Data for this exercise:
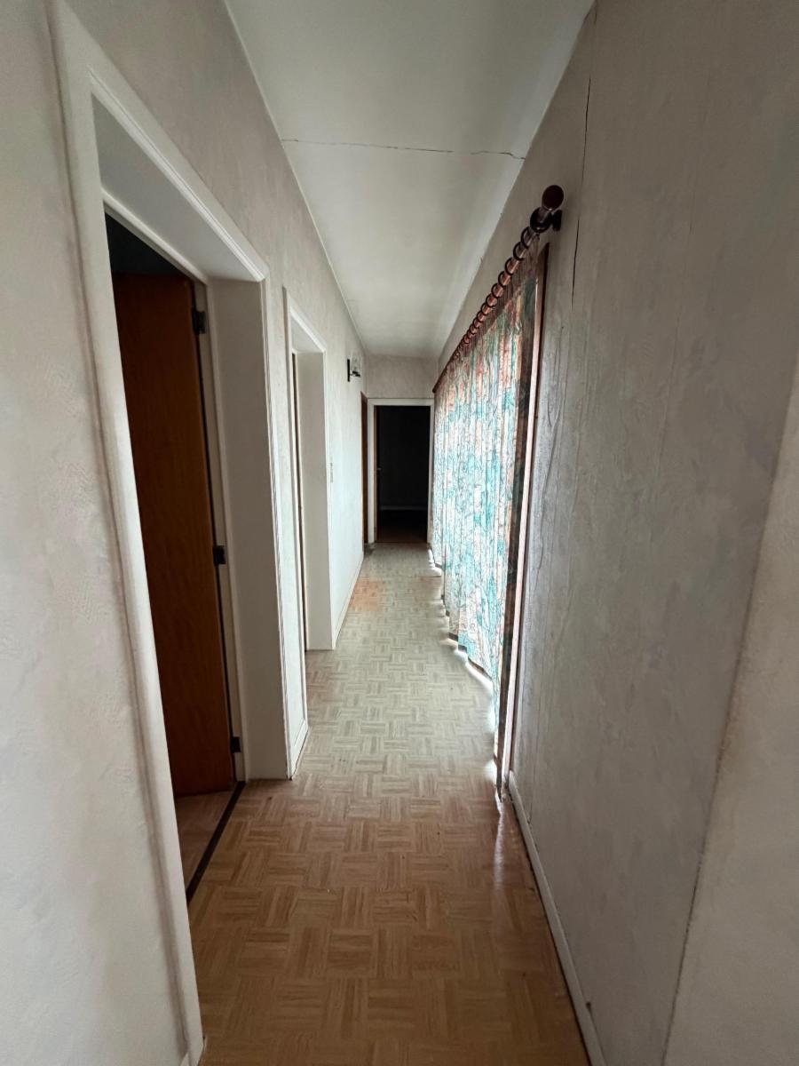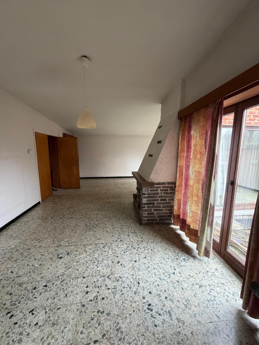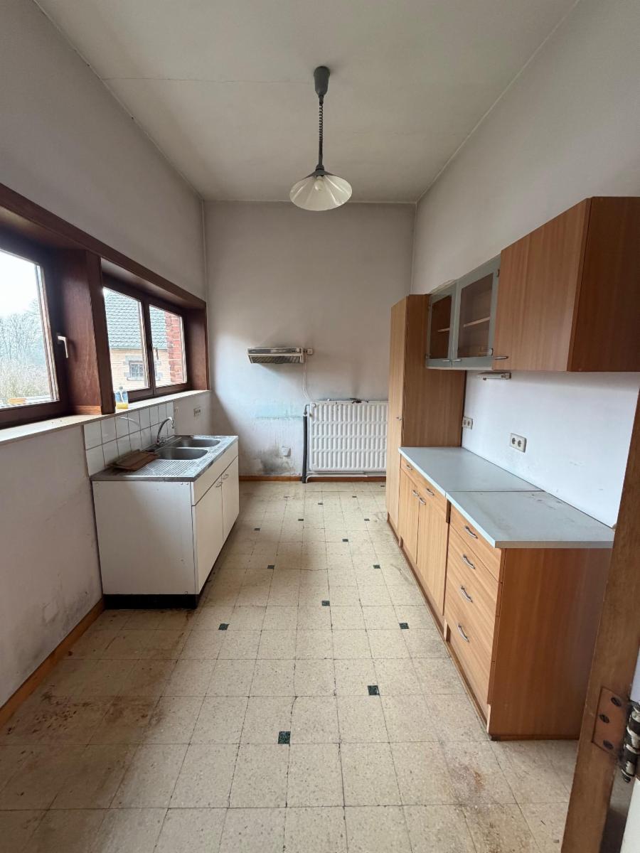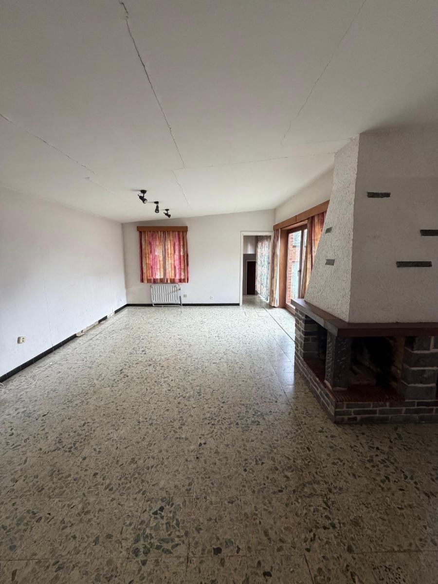 Rez : couloir, WC, 2 pièces , une cuisine non-équipée, living en L, 4 chambres, 1 salle de bain et une douche
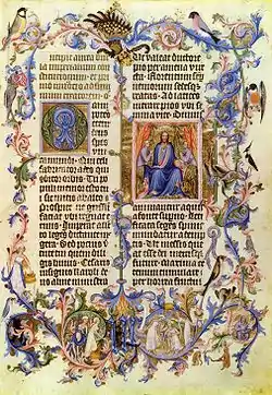 La formule latine sacrum Romanum imperium apparaît sous Frédéric Barberousse. Elle est attestée dès  : sa première occurrence connue  le génitif « sacri romani imperii »  figure dans un diplôme daté du et dont l'original, provenant du fonds de l'église romaine Santa Maria in Via Lata, est conservé à la Bibliothèque apostolique vaticane[36],[37],[N 5]. Pendant l'interrègne de 1250 à 1273, lorsque aucun des trois rois élus n'est parvenu à s'imposer par rapport aux autres, l'Empire se réclame de l'Empire romain avec le qualificatif « saint ». À partir de 1254, on utilise la dénomination latine Sacrum Romanum Imperium (en allemand Heiliges Römisches Reich)[38]. Il faut attendre le règne de Charles IV pour la voir utilisée dans des documents en langue allemande. C'est précisément pendant la période sans empereur au milieu du XIIIe siècle que la volonté d'un pouvoir universel s'est le plus affirmée — même si cette situation a peu changé par la suite.
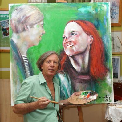 Në pikturën e tij, vaj në pëlhurë/kanavacë artisti Gazmend Freitag kap magjinë dhe shpresën e një takimi të tillë. E gjelbra dhe e kuqja shndritëse shprehin ndjenjën e një gjallërie shumë të afër.
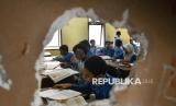 Sejumlah murid belajar disamping pembatas ruang kelas yang rusak di Unit Sekolah Baru (USB) SMP 62 Medan Satria, Bekasi, Jawa Barat, Kamis (9/10/2025). Menurut pihak Sekolah sebanyak 320 siswa menggunakan hanya empat ruang kelas yang layak digunakan karena sudah tiga tahun bangunan lainnya rusak. (FOTO : ANTARA FOTO/Fakhri Hermansyah)
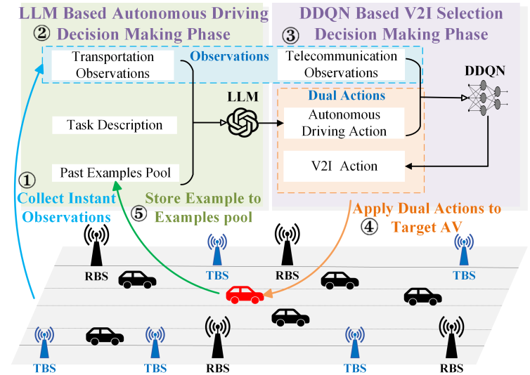 这一过程会持续进行,直到系统的行为收敛。通过这种迭代优化方法,LLM和DDQN可以有效地学习并优化自动驾驶和V2I通信系统中的决策。
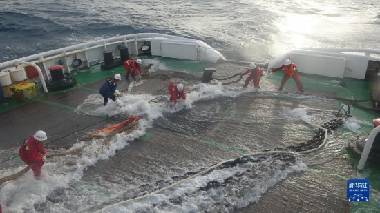 “南海救115”抵达受困货船附近,水手长卢大明(右)带领水手们施救(3月4日摄)。新华社发(交通运输部南海救助局供图)
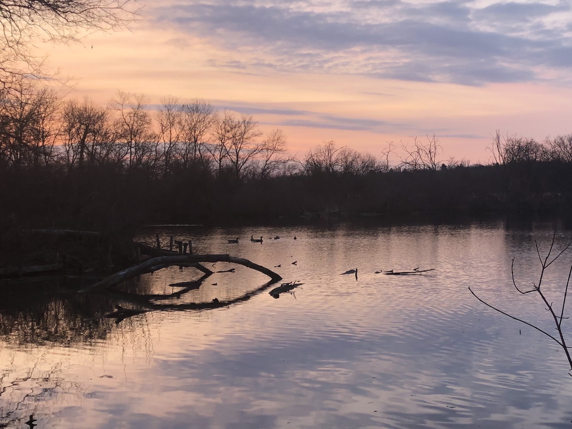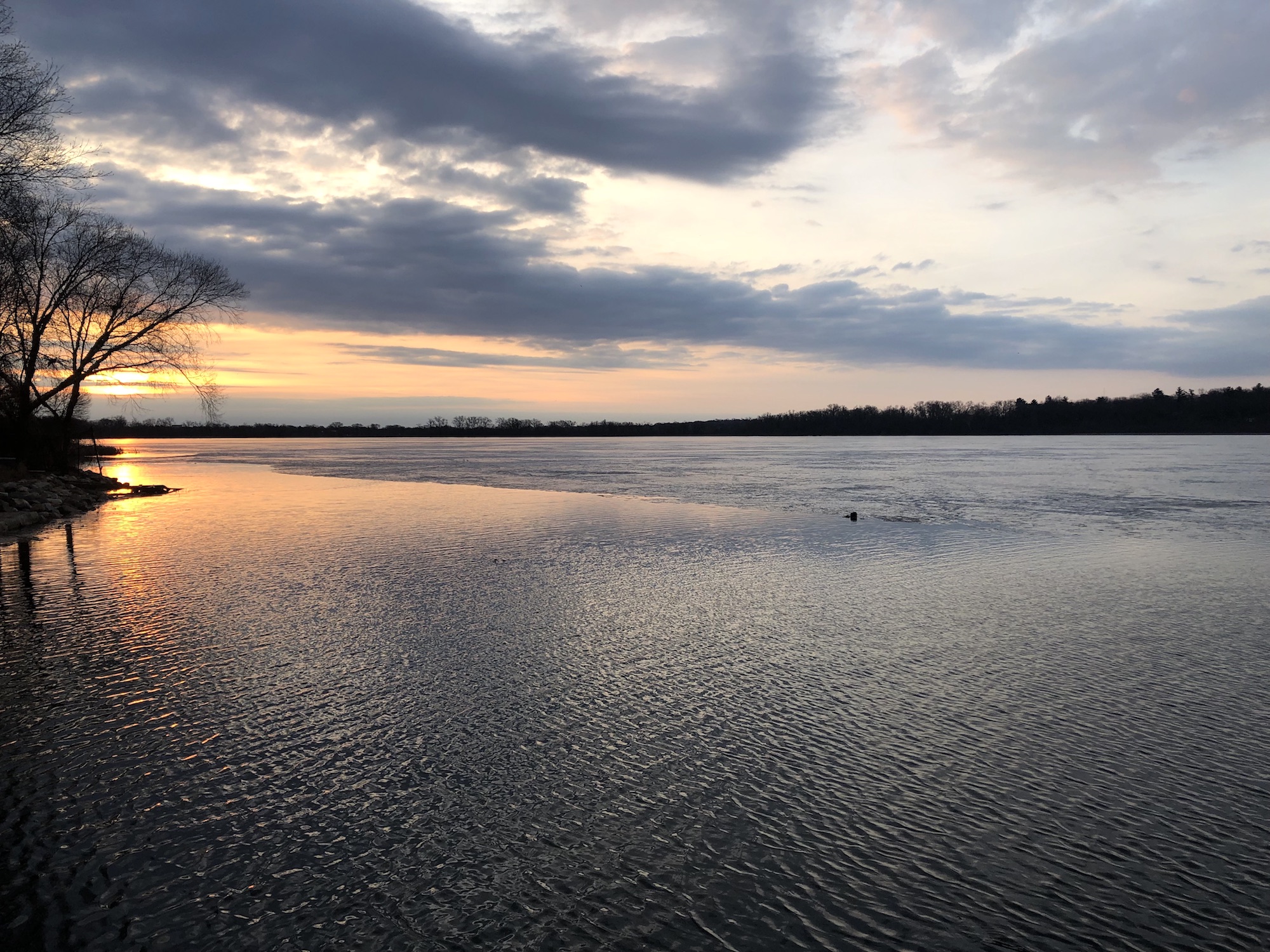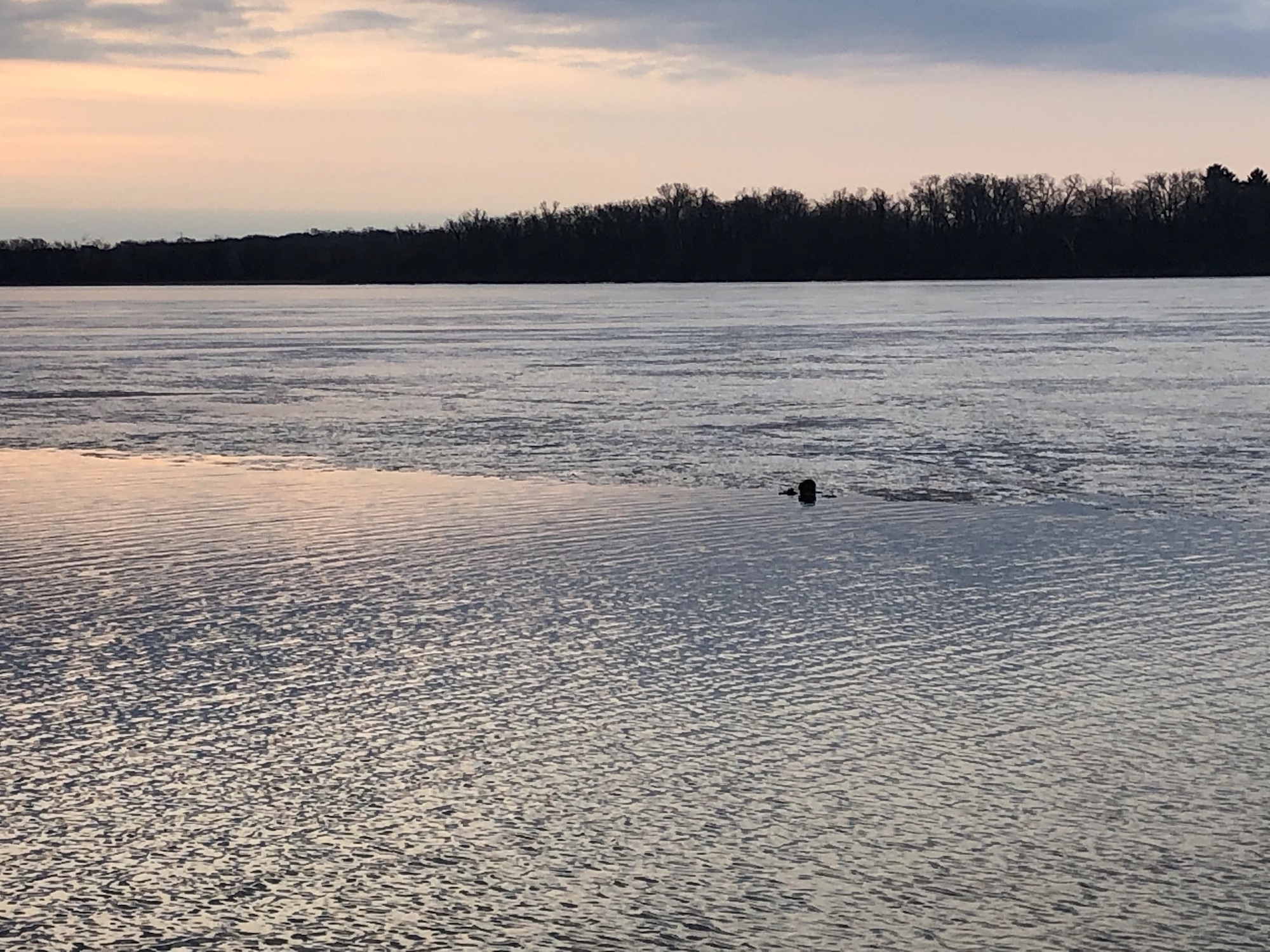 Below: Lake Wingra looking east at sunrise. Muskrat on receeding ice.
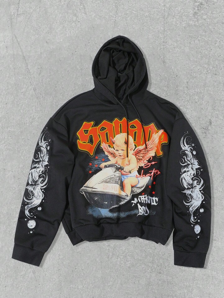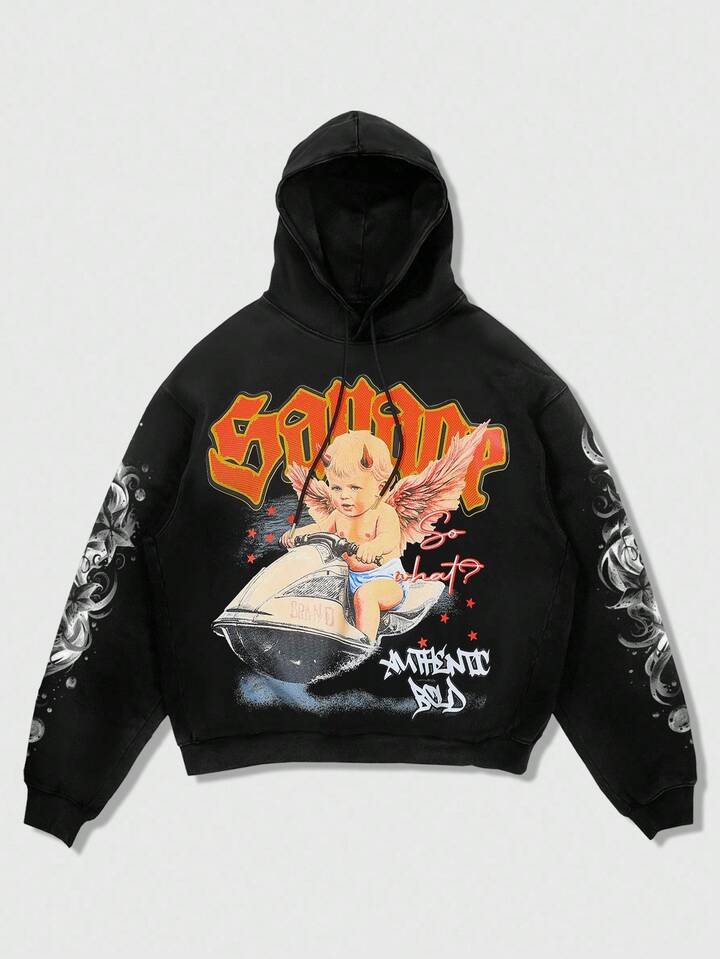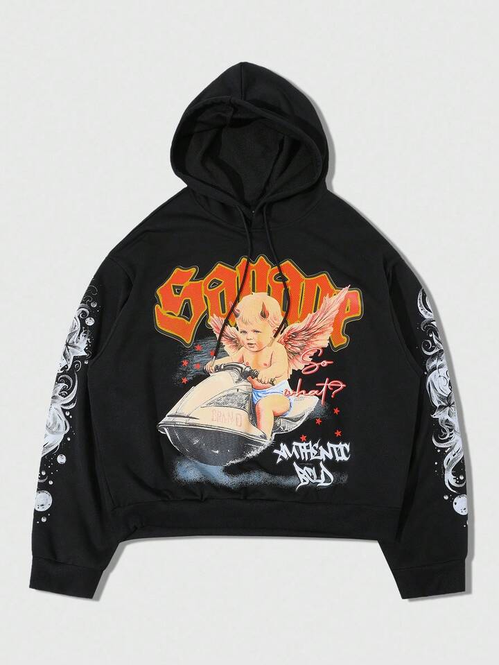 Street Life Herren Street Speedboat Engel Muster Kapuzen-Sweatshirt mit Kordelzug, für den Herbst
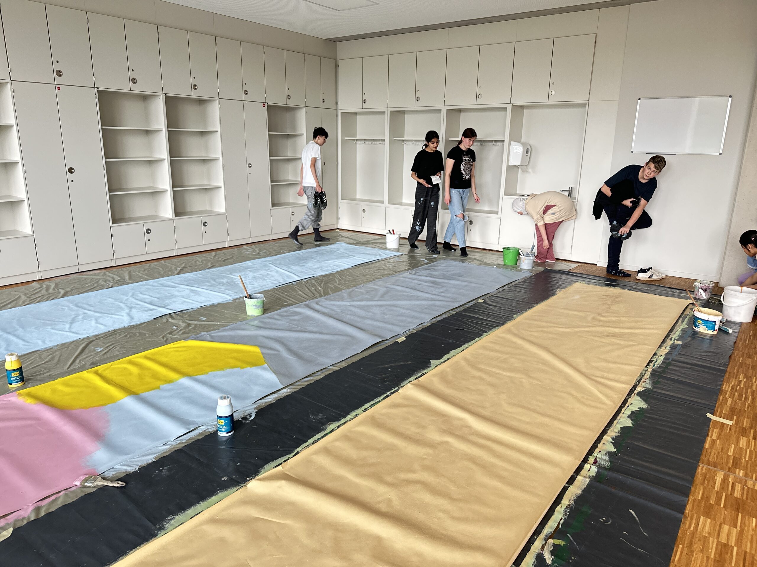 Nachdem jede Gruppe ihren Entwurf gestaltet hatte und die jungen Künstler sich mit leckeren Brötchen und selbstgemachten Kräuteraufstrichen von Herrn Richter gestärkt hatten, ging es ans Grundieren der Banner.
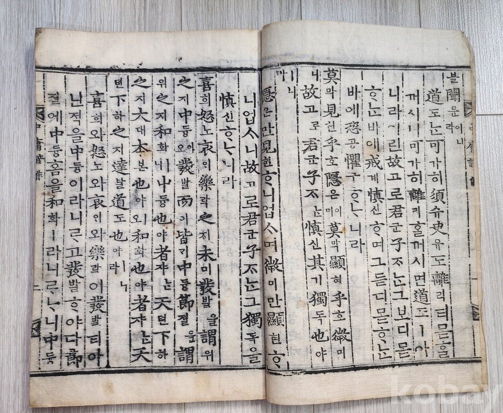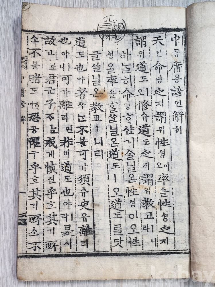 조선시대 전주판 중용언해본(한글) 단권 입니다 세경오중춘개간이라 찍혀 있습니다 낙질없이 양호합니다
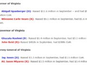 Campaign finance reports (September for Governor, Lt. Governor, Attorney General and House of Delegates; 3Q25 for federal candidates) are coming in now. See VPAP,...
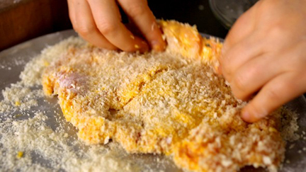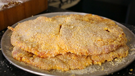 - Thả một lát thịt vào chảo dầu. Chiên cho tới khi cả hai mặt đều chuyển sang màu nâu. Trở qua trở lại nhiều lần, để cả bốn lát thịt đều chín vàng và dòn rụm.
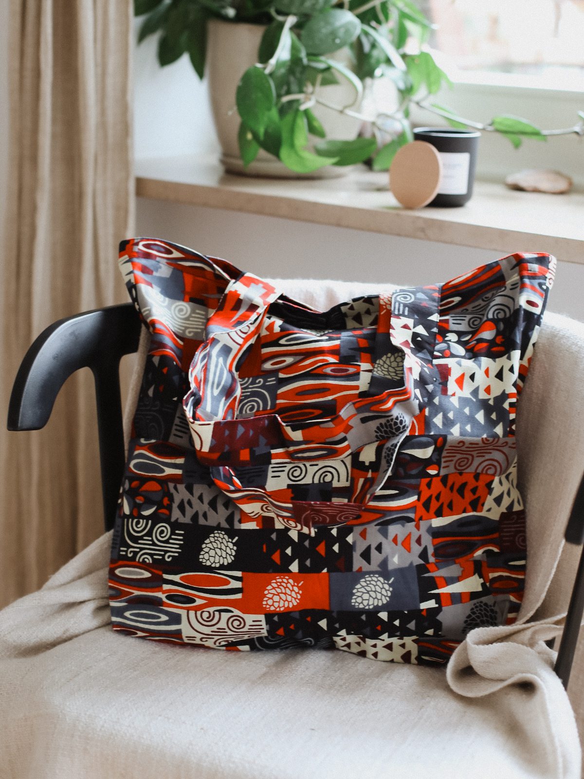 Oryginalna batikowa torba typu tote w intensywnych odcieniach czerwieni, szarości, czerni i bieli, ozdobiona różnorodnymi geometrycznymi i etnicznymi wzorami. Torba została ręcznie uszyta w Senegalu przez uczennicę szkoły zawodowej Foyer Maria Goretti. Wykonana z wytrzymałego materiału, idealnie nadaje się na zakupy lub do codziennego użytku. Wewnątrz znajduje się praktyczna kieszonka zamykana na zamek błyskawiczny, która pomieści najpotrzebniejsze drobiazgi.
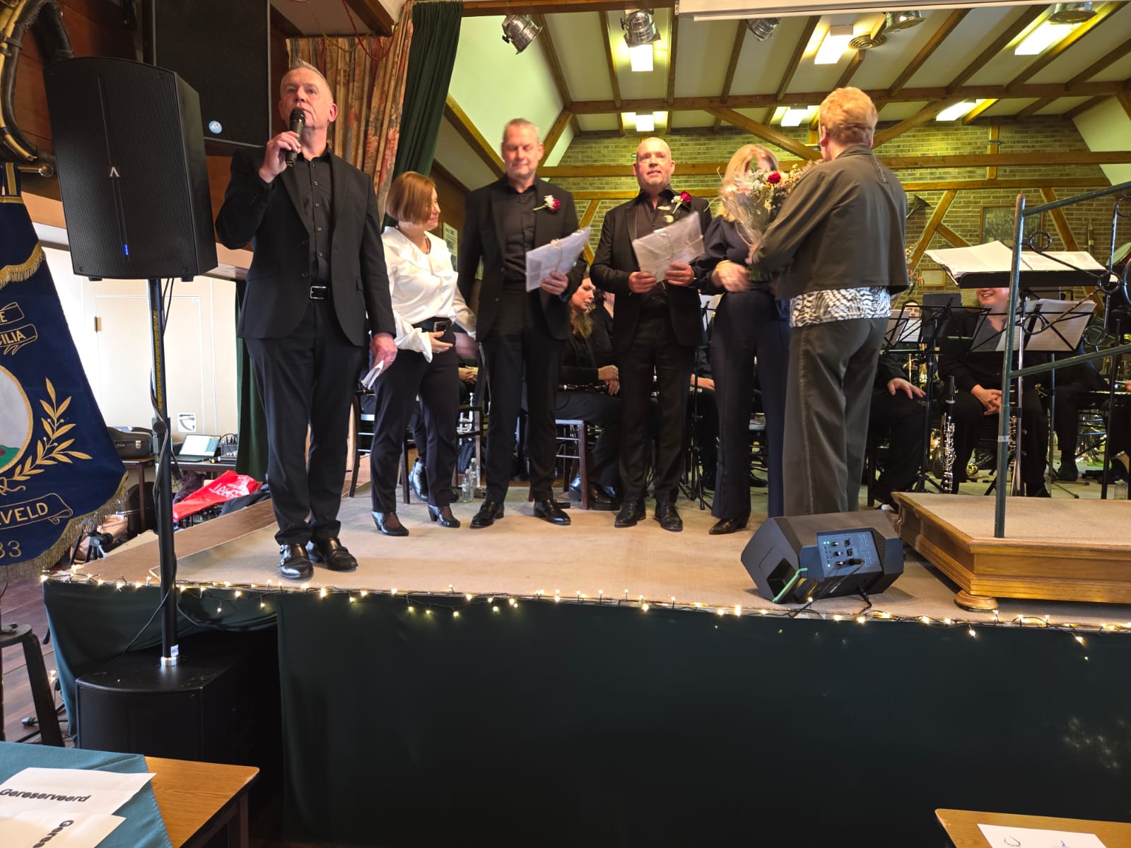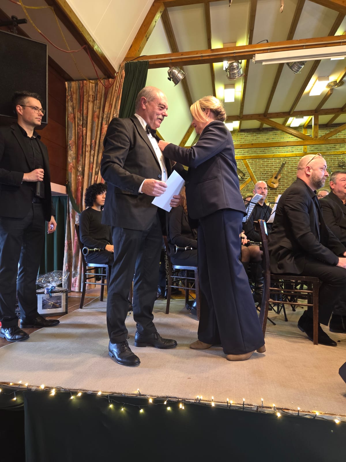 Beschermvrouwe Burgemeester Susanne Scheepers reikte de bijbehorende onderscheiding uit. Het 'stokje' werd zondag letterlijk doorgegeven aan de nieuwe dirigent Harmen Cnossen die vanaf deze week de gezamenlijke repetities gaat leiden. Op zaterdag 28 maart vindt het eerste concert o.l.v. Harmen plaats in de Obelisk in Vaals.

About this exercise:
The required output is the lines from the one containing "这一过程会持续进行,直到系统" through the end of the records above, reproduced exactly, with no pictures.

Your response:
 这一过程会持续进行,直到系统的行为收敛。通过这种迭代优化方法,LLM和DDQN可以有效地学习并优化自动驾驶和V2I通信系统中的决策。
 “南海救115”抵达受困货船附近,水手长卢大明(右)带领水手们施救(3月4日摄)。新华社发(交通运输部南海救助局供图)
 Below: Lake Wingra looking east at sunrise. Muskrat on receeding ice.
 Street Life Herren Street Speedboat Engel Muster Kapuzen-Sweatshirt mit Kordelzug, für den Herbst
 Nachdem jede Gruppe ihren Entwurf gestaltet hatte und die jungen Künstler sich mit leckeren Brötchen und selbstgemachten Kräuteraufstrichen von Herrn Richter gestärkt hatten, ging es ans Grundieren der Banner.
 조선시대 전주판 중용언해본(한글) 단권 입니다 세경오중춘개간이라 찍혀 있습니다 낙질없이 양호합니다
 Campaign finance reports (September for Governor, Lt. Governor, Attorney General and House of Delegates; 3Q25 for federal candidates) are coming in now. See VPAP,...
 - Thả một lát thịt vào chảo dầu. Chiên cho tới khi cả hai mặt đều chuyển sang màu nâu. Trở qua trở lại nhiều lần, để cả bốn lát thịt đều chín vàng và dòn rụm.
 Oryginalna batikowa torba typu tote w intensywnych odcieniach czerwieni, szarości, czerni i bieli, ozdobiona różnorodnymi geometrycznymi i etnicznymi wzorami. Torba została ręcznie uszyta w Senegalu przez uczennicę szkoły zawodowej Foyer Maria Goretti. Wykonana z wytrzymałego materiału, idealnie nadaje się na zakupy lub do codziennego użytku. Wewnątrz znajduje się praktyczna kieszonka zamykana na zamek błyskawiczny, która pomieści najpotrzebniejsze drobiazgi.
 Beschermvrouwe Burgemeester Susanne Scheepers reikte de bijbehorende onderscheiding uit. Het 'stokje' werd zondag letterlijk doorgegeven aan de nieuwe dirigent Harmen Cnossen die vanaf deze week de gezamenlijke repetities gaat leiden. Op zaterdag 28 maart vindt het eerste concert o.l.v. Harmen plaats in de Obelisk in Vaals.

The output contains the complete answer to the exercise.